Association of IL-18 promoter polymorphism with liver disease severity in HCV-infected patients.

Introduction: Interleukin (IL)-18 plays an important dual role in Th1 polarization and viral clearance, as well as in the development of liver fibrosis. Single-nucleotide promoter polymorphisms influence the transcription of IL-18 mRNA. Promoter polymorphisms are linked to delayed virus clearance and disease susceptibility in many diseases. However, there is no information about their role in hepatitis C virus (HCV) infection.
Aim: To investigate the association between -607 or -137 polymorphism with susceptibility and severity of HCV infection.
Patients and Methods: Two hundred and four serologically proven patients with chronic HCV infection and 350 matched healthy controls were included in this study. Patients were segregated in 2 groups: group A with mild liver disease and group B with severe liver disease on the basis of histological activity index (HAI </=5 or >5) and hepatic fibrosis score (</=2 or >2). IL-18 promoter genotyping was performed with sequence-specific primers.

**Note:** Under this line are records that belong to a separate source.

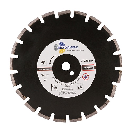 Диск алмазный отрезной сегментный с защитным зубом Grand Asphalt (350х25.4 мм) TRIO-DIAMOND GA773. Материал обработки: асфальт, свежий бетон, асфальтобетон, песчаник.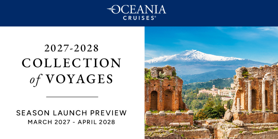 Oceania Cruises' expansive new 2027-2028 Collection of Voyages invites you to explore captivating destinations the world over in the comfort of their small, luxurious ships. From the pristine beaches of the Caribbean to their first quiet season in the Mediterranean and from the untamed wilderness of Alaska to the exotic treasures of Asia, each itinerary has been carefully designed to immerse you in the character and authenticity of every place you visit.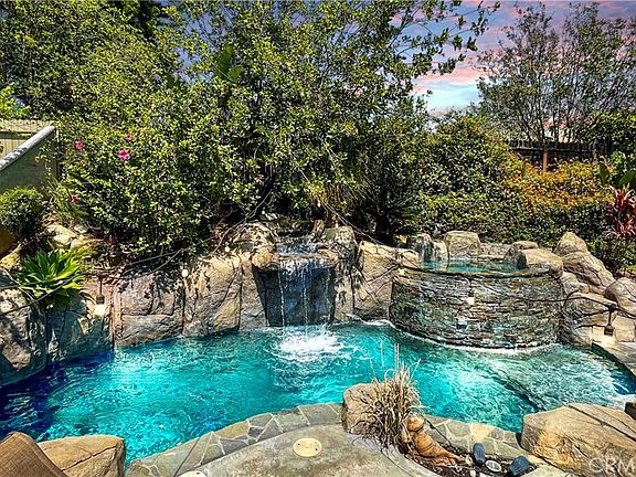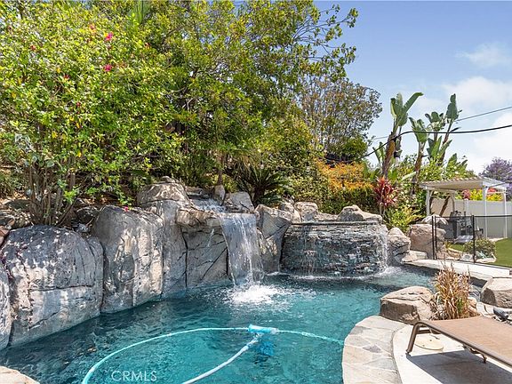The exterior of this home is just as impressive as the interior. Relax and unwind in your private backyard oasis featuring a sparkling pool with rock surround and waterfall, an inviting spa, and a covered patio with outdoor lighting for outdoor dining and entertaining.

Results: There was no significant difference in the frequencies of -607 and -137 allelic distribution in patients and controls. The -607 A/A allele was more common in group A patients with mild liver disease than in patients with severe liver disease on the basis of HAI (38.6% vs. 21%, P = 0.05; odds ratio [OR] = 0.424, confidence interval [CI] = 0.233-0.773; R (2) = 0.631) and stage of fibrosis (38.7% vs. 16.7%, P = 0.008; OR = 0282, CI = 0.134-0.596; R (2) = 0.434).
Conclusions: IL-18 promoter polymorphism at -607 position with A/A allele is a potential protective marker, as it is associated with milder liver disease in patients with chronic HCV infection.